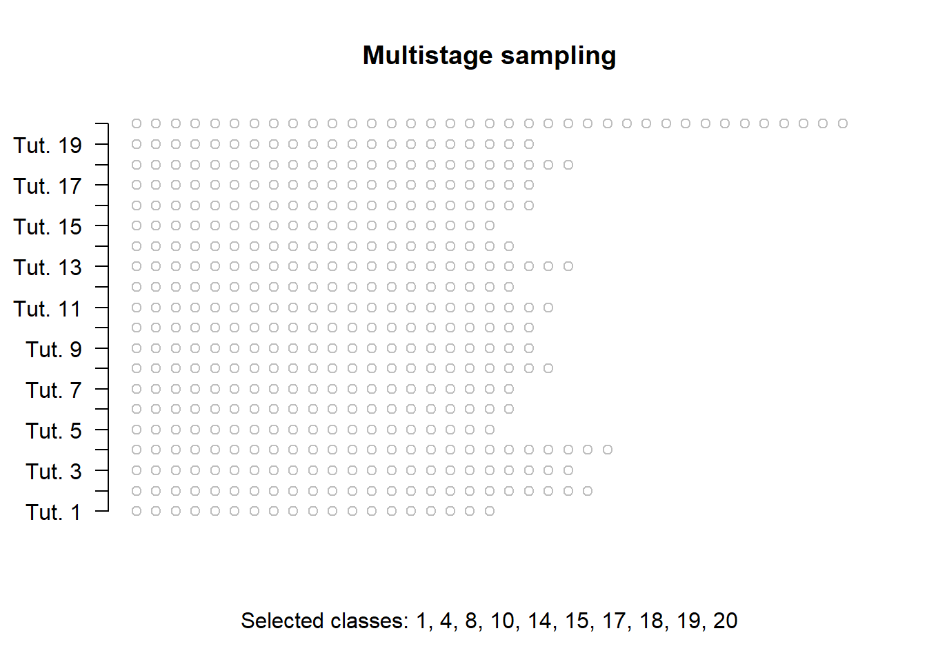 The animation below shows how a sample of approximately 40 students could be obtained using multistage sampling, by randomly selecting 10 classes at random in Stage 1, then randomly selecting students from each class in Stage 2.
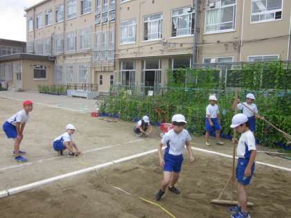 今日は雨が降らなかったので,走りはばとびをしました。
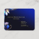 Visualmente impressionante este design de vidro manchado botânico fluido em tons de azul turquesa e azul com acentos dourados, situado em um fundo azul meia-noite gradiente - certifique-se de que seus clientes nunca esqueçam seu cartão - Perfeito para galeria, loja de presentes de cottage, spa e beleza, todos os profissionais, elegante, simples, artístico, gestão, administração, temas de trabalho informal. Esta é uma obra original © por WhimsicalArtwork™

:::

Your output should be only the lines from the line with "今日は雨が降らなかったので,走りはばとびをしました。" through the end of the data, exactly as they stand, and no pictures.

Exercise result:
 今日は雨が降らなかったので,走りはばとびをしました。
 Visualmente impressionante este design de vidro manchado botânico fluido em tons de azul turquesa e azul com acentos dourados, situado em um fundo azul meia-noite gradiente - certifique-se de que seus clientes nunca esqueçam seu cartão - Perfeito para galeria, loja de presentes de cottage, spa e beleza, todos os profissionais, elegante, simples, artístico, gestão, administração, temas de trabalho informal. Esta é uma obra original © por WhimsicalArtwork™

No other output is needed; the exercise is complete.